### Task to carry out:
Quote the whole listing exactly. Leave the pictures out of your copy.

### Raw data:
◆ ◆ ◆
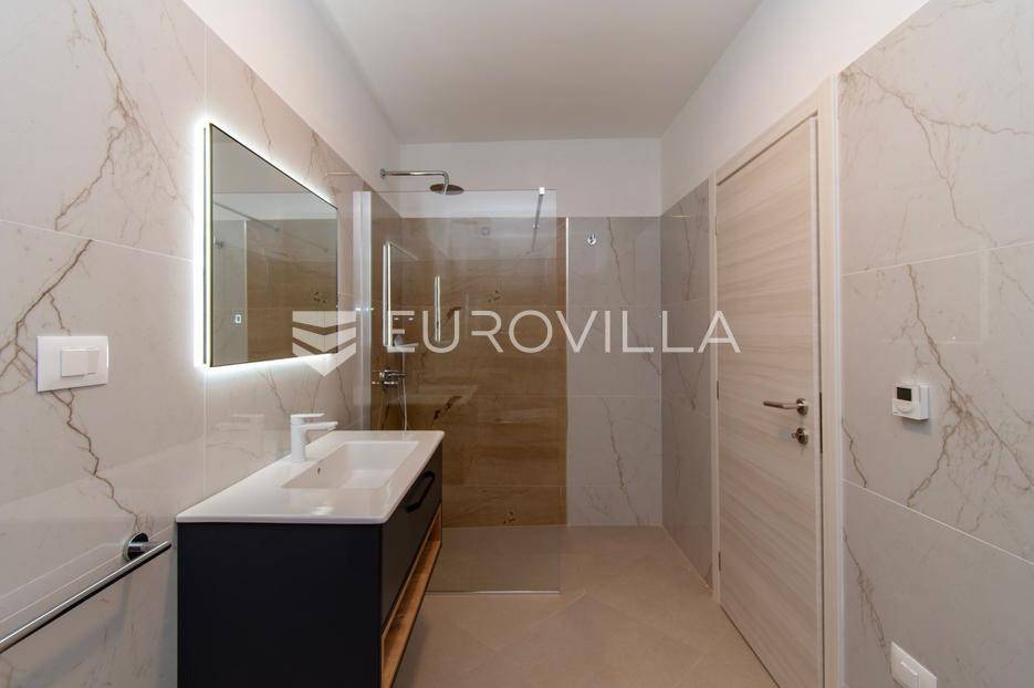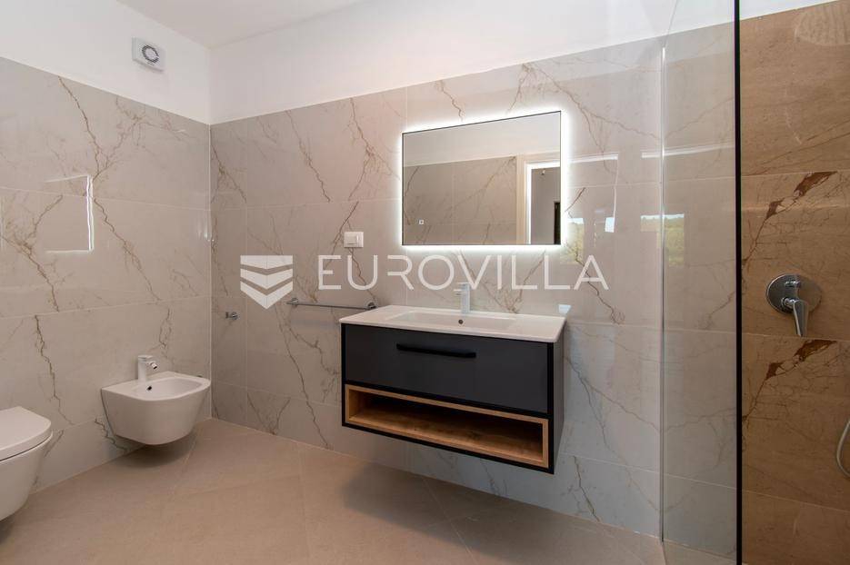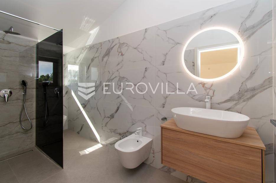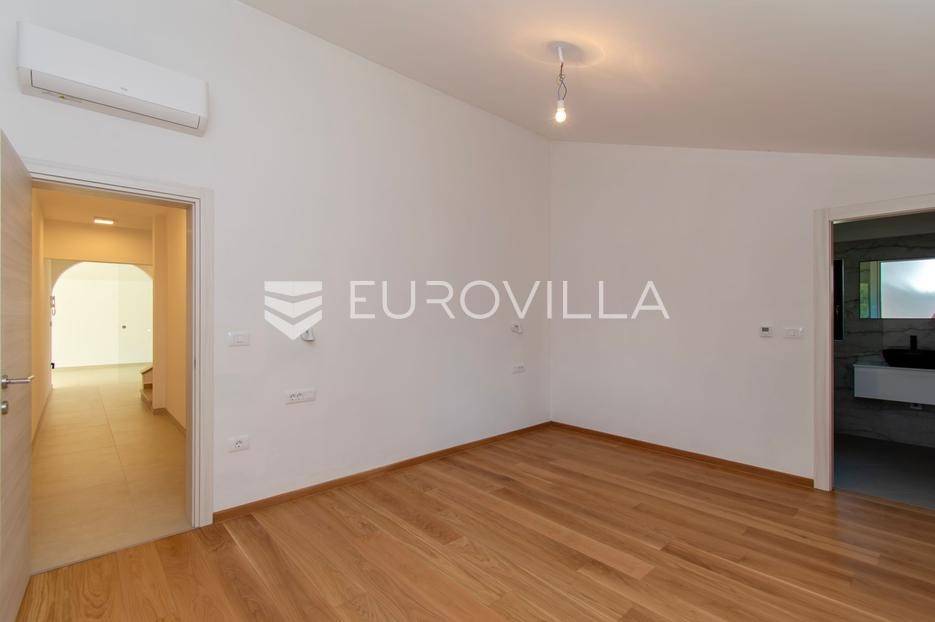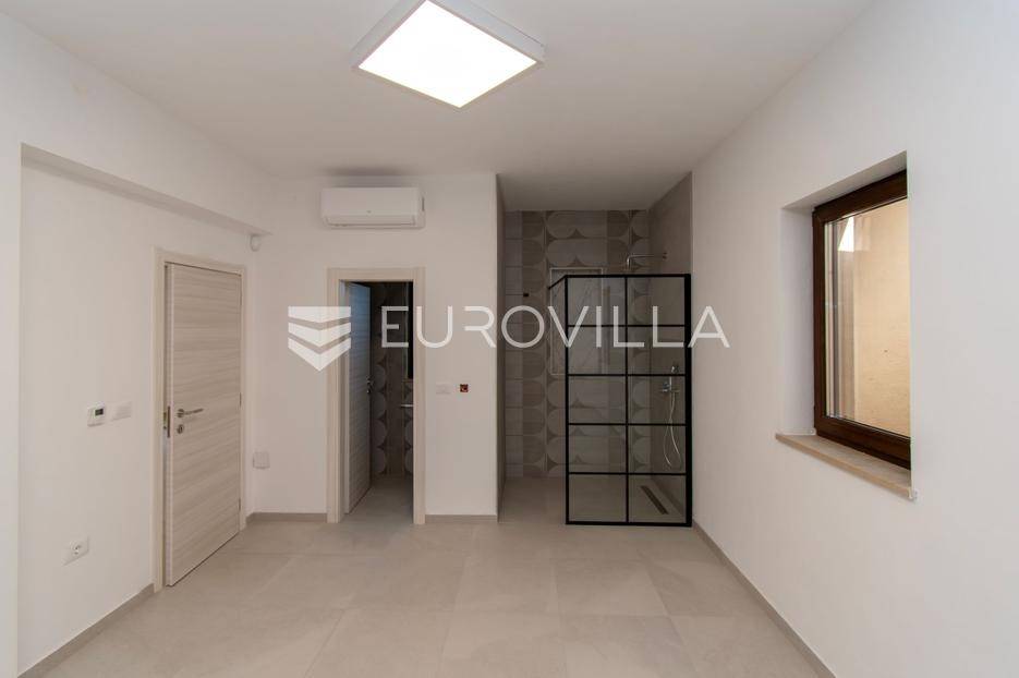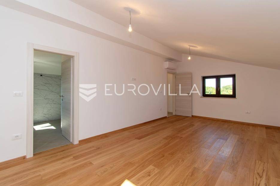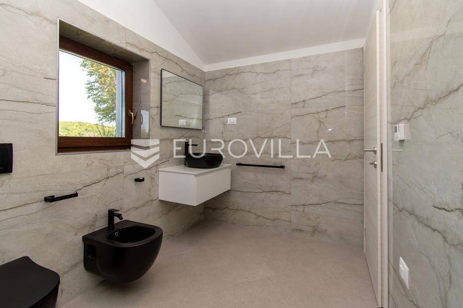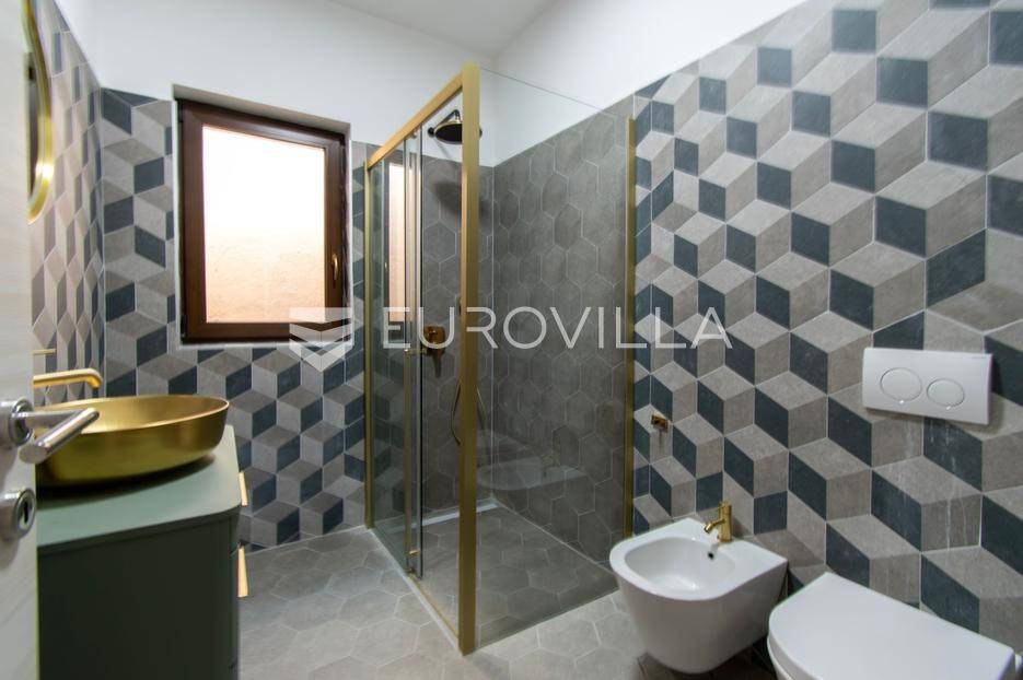 Predstavljamo Vam iznimnu priliku za posjedovanje prekrasne kamene vile, smještene u mirnom istarskom naselju Flengi, nedaleko od Svetog Lovreča. Ova impresivna nekretnina površine 550 m2, na parceli od 1280 m2, idealna je za one koji traže spoj tradicionalnog šarma i suvremenog komfora. S planiranom zadnjom renovacijom 2025. godine, vila nudi besprijekoran dizajn i visoki standard kvalitete.Vila se prostire na više etaža, nudeći prostran i funkcionalan raspored. Prizemlje je posvećeno uživanju i opuštanju, s prostranim prostorom za druženje, mogućim SPA dijelom koji uključuje teretanu, saunu, jacuzzi, tuš i toalet. Tu je i praktičan vešeraj, tehnička soba, šarmantna konoba s kaminom i izlazom na terasu, te vinarija. Dodatna soba za odmor, s mogućnošću prenamjene, te još jedna kupaonica i toalet, upotpunjuju ovu etažu.Prvi kat vile dočekuje Vas s elegantnim ulaznim prostorom, tri prostrane spavaće sobe, svaka s vlastitom kupaonicom, te otvorenim dnevnim boravkom s direktnim izlazom na terasu i impozantni bazen površine 50 m2. Kuhinja i zajednička kupaonica također se nalaze na ovoj razini. Drugi kat rezerviran je za master spavaću sobu, koja nudi vrhunsku privatnost s privatnim kupatilom i prostranom garderobnom prostorijom, pružajući oazu mira.Kvaliteta gradnje i opreme na najvišoj je razini, s armirano-betonskom konstrukcijom i fasadnom kamenom vunom d=10 cm te završnim slojem silikata, osiguravajući vrhunsku energetsku učinkovitost (certifikat A). Visina stropa od 2,75 m daje osjećaj prozračnosti, dok visokokvalitetna stolarija s trostrukim staklom u boji oraha, žbukano bio žbukom interijera i boja unutarnjih zidova na bazi vapna, stvaraju zdrav i ugodan ambijent. Podovi su obloženi keramikom talijanskog proizvođača NORDIK TILE i hrastovim parketom 1. klase.Vila je opremljena protupožarnim sustavom, DAIKIN dizalicama topline u svim prostorijama s elektronskom regulacijom, te 11 klima uređaja za optimalnu temperaturu tijekom cijele godine. Sigurnost je osigurana video nadzorom, portafonom i alarmnim sustavom. Eksterijer oduševljava s pet parkirnih mjesta (tri natkrivena), dva ulaza u dvorište, te pročeljem kuće, terasama i ogradnim zidovima zidanim kamenom (suhozid) na površini od cca 250-300 m2. Profilirane kamene erte na prozorima, vanjski tuš, osam maslina starosti 60-70 godina i vanjsko navodnjavanje, zaokružuju ovu ekskluzivnu ponudu.Ukoliko želite posjedovati kvalitetnu, modernu vilu udaljenu 10ak minuta od prvih plaža u Vrsaru ili Poreču slobodno nam se obratite - stojimo Vam na raspolaganju.
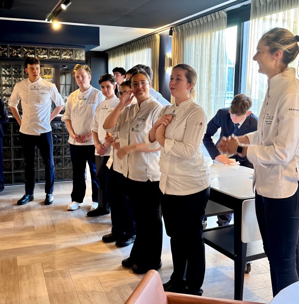Au-delà de la dégustation, cette séquence illustre l’importance de la transmission entre Jessica Préalpato et les étudiants de l’école hôtelière Médéric. Il ne s’agit pas simplement d’apprendre des recettes ou des techniques, mais de comprendre la philosophie qui guide chaque création : respecter l’ingrédient, révéler sa vérité, et oser jouer avec les contrastes et les imperfections.
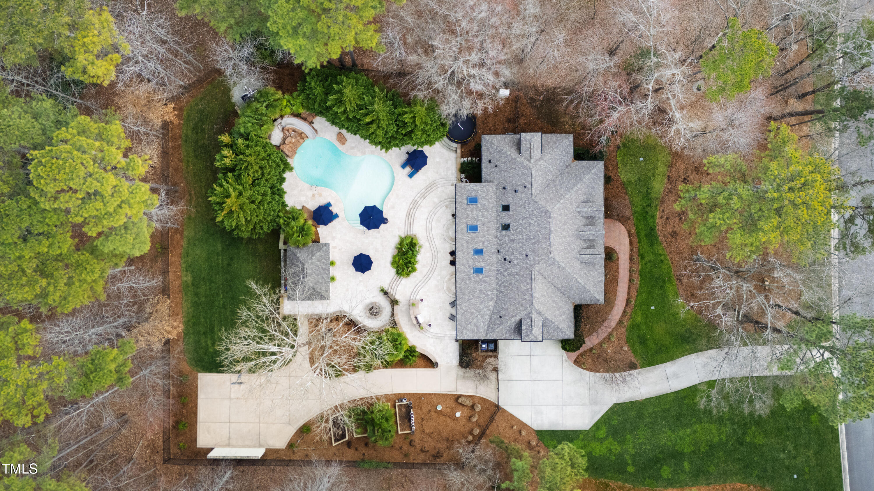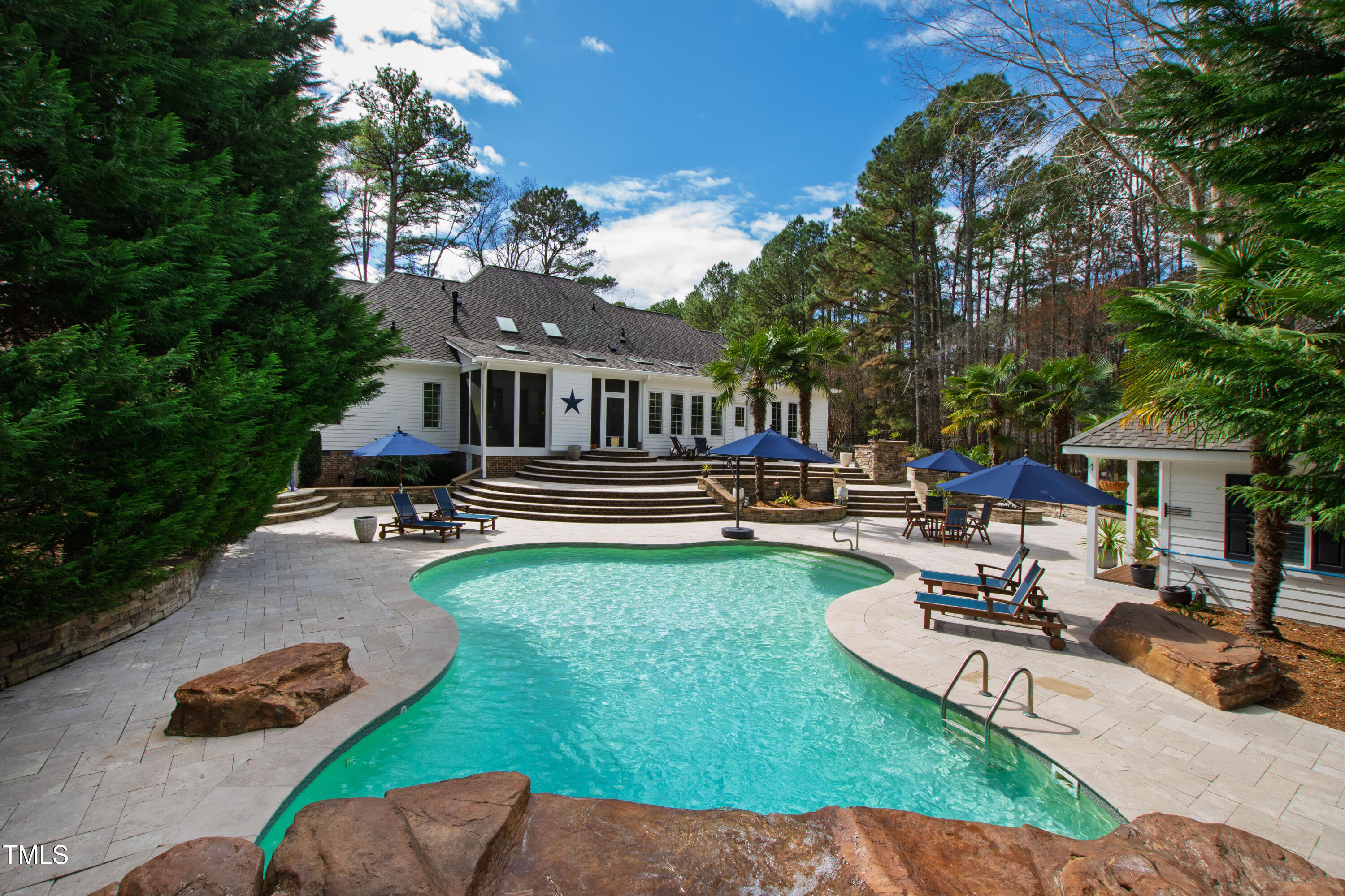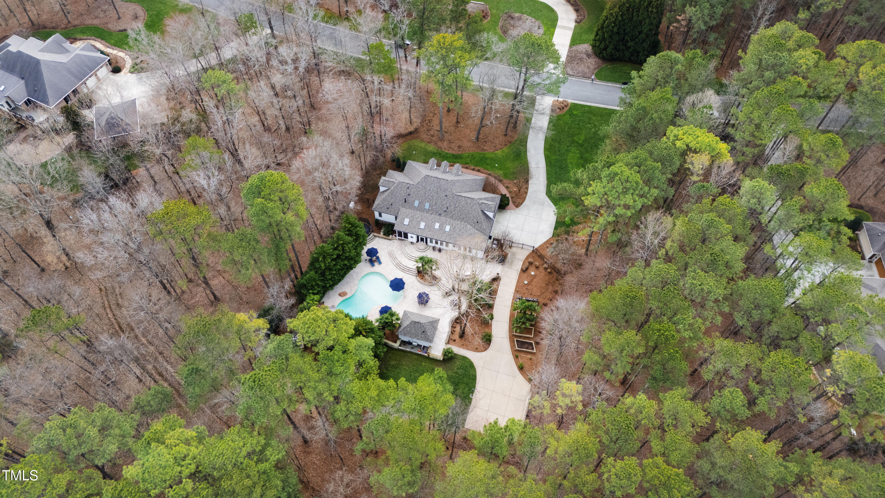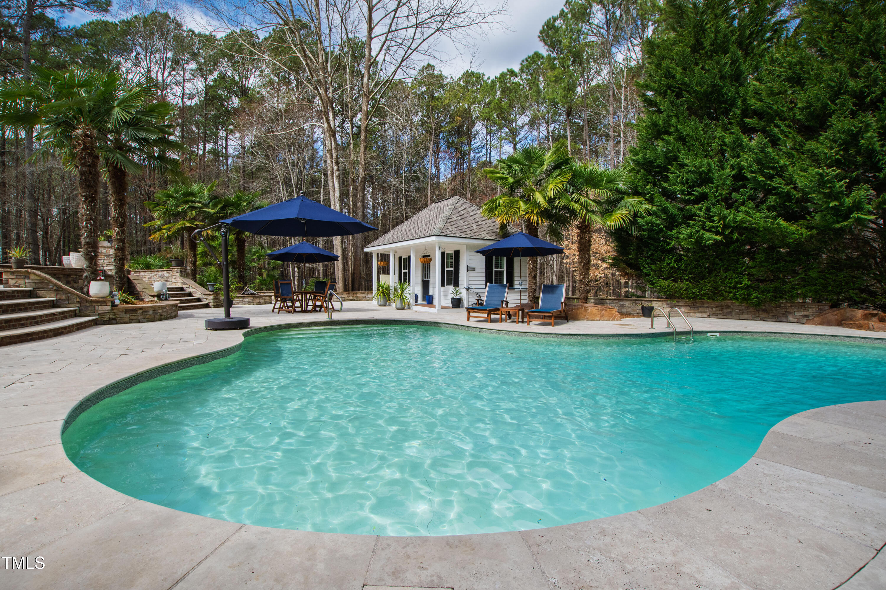 Don't miss the cleverly designed wine closet, a highlight created by the current owners. The spacious laundry room and an inviting first-floor office overlooking the pool area add to the home's appeal. With 4 bedrooms and 4.5 baths, plus a large bonus room currently serving as a gym, this home includes a primary suite that flows seamlessly into a cozy TV room and family room. Abundant windows fill the space with natural light, enhancing the home's welcoming atmosphere. Perfect for entertaining, the floor plan is designed for both indoor and outdoor gatherings. The beautifully landscaped exterior, featuring delightful terraces for al fresco dining, along with a stunning salt water pool, exudes resort-style living. Surrounded by beautiful palm trees, imagine sipping a cocktail or two in this tropical paradise. The pool house, measuring 176.70 square feet, not included in the living area square footage of the house, includes a beautiful kitchen with an induction cooktop and refrigerator, as well as a full bathroom, making it ideal for guests and entertaining while ensuring privacy. Experience the serene lifestyle that 106 Woodkirk offers--a peaceful retreat from the everyday hustle and bustle, yet conveniently located near Chapel Hill, Durham, Duke, UNC, and I-40.
◆ ◆ ◆
### Response:
 Predstavljamo Vam iznimnu priliku za posjedovanje prekrasne kamene vile, smještene u mirnom istarskom naselju Flengi, nedaleko od Svetog Lovreča. Ova impresivna nekretnina površine 550 m2, na parceli od 1280 m2, idealna je za one koji traže spoj tradicionalnog šarma i suvremenog komfora. S planiranom zadnjom renovacijom 2025. godine, vila nudi besprijekoran dizajn i visoki standard kvalitete.Vila se prostire na više etaža, nudeći prostran i funkcionalan raspored. Prizemlje je posvećeno uživanju i opuštanju, s prostranim prostorom za druženje, mogućim SPA dijelom koji uključuje teretanu, saunu, jacuzzi, tuš i toalet. Tu je i praktičan vešeraj, tehnička soba, šarmantna konoba s kaminom i izlazom na terasu, te vinarija. Dodatna soba za odmor, s mogućnošću prenamjene, te još jedna kupaonica i toalet, upotpunjuju ovu etažu.Prvi kat vile dočekuje Vas s elegantnim ulaznim prostorom, tri prostrane spavaće sobe, svaka s vlastitom kupaonicom, te otvorenim dnevnim boravkom s direktnim izlazom na terasu i impozantni bazen površine 50 m2. Kuhinja i zajednička kupaonica također se nalaze na ovoj razini. Drugi kat rezerviran je za master spavaću sobu, koja nudi vrhunsku privatnost s privatnim kupatilom i prostranom garderobnom prostorijom, pružajući oazu mira.Kvaliteta gradnje i opreme na najvišoj je razini, s armirano-betonskom konstrukcijom i fasadnom kamenom vunom d=10 cm te završnim slojem silikata, osiguravajući vrhunsku energetsku učinkovitost (certifikat A). Visina stropa od 2,75 m daje osjećaj prozračnosti, dok visokokvalitetna stolarija s trostrukim staklom u boji oraha, žbukano bio žbukom interijera i boja unutarnjih zidova na bazi vapna, stvaraju zdrav i ugodan ambijent. Podovi su obloženi keramikom talijanskog proizvođača NORDIK TILE i hrastovim parketom 1. klase.Vila je opremljena protupožarnim sustavom, DAIKIN dizalicama topline u svim prostorijama s elektronskom regulacijom, te 11 klima uređaja za optimalnu temperaturu tijekom cijele godine. Sigurnost je osigurana video nadzorom, portafonom i alarmnim sustavom. Eksterijer oduševljava s pet parkirnih mjesta (tri natkrivena), dva ulaza u dvorište, te pročeljem kuće, terasama i ogradnim zidovima zidanim kamenom (suhozid) na površini od cca 250-300 m2. Profilirane kamene erte na prozorima, vanjski tuš, osam maslina starosti 60-70 godina i vanjsko navodnjavanje, zaokružuju ovu ekskluzivnu ponudu.Ukoliko želite posjedovati kvalitetnu, modernu vilu udaljenu 10ak minuta od prvih plaža u Vrsaru ili Poreču slobodno nam se obratite - stojimo Vam na raspolaganju.
Au-delà de la dégustation, cette séquence illustre l’importance de la transmission entre Jessica Préalpato et les étudiants de l’école hôtelière Médéric. Il ne s’agit pas simplement d’apprendre des recettes ou des techniques, mais de comprendre la philosophie qui guide chaque création : respecter l’ingrédient, révéler sa vérité, et oser jouer avec les contrastes et les imperfections.
 Don't miss the cleverly designed wine closet, a highlight created by the current owners. The spacious laundry room and an inviting first-floor office overlooking the pool area add to the home's appeal. With 4 bedrooms and 4.5 baths, plus a large bonus room currently serving as a gym, this home includes a primary suite that flows seamlessly into a cozy TV room and family room. Abundant windows fill the space with natural light, enhancing the home's welcoming atmosphere. Perfect for entertaining, the floor plan is designed for both indoor and outdoor gatherings. The beautifully landscaped exterior, featuring delightful terraces for al fresco dining, along with a stunning salt water pool, exudes resort-style living. Surrounded by beautiful palm trees, imagine sipping a cocktail or two in this tropical paradise. The pool house, measuring 176.70 square feet, not included in the living area square footage of the house, includes a beautiful kitchen with an induction cooktop and refrigerator, as well as a full bathroom, making it ideal for guests and entertaining while ensuring privacy. Experience the serene lifestyle that 106 Woodkirk offers--a peaceful retreat from the everyday hustle and bustle, yet conveniently located near Chapel Hill, Durham, Duke, UNC, and I-40.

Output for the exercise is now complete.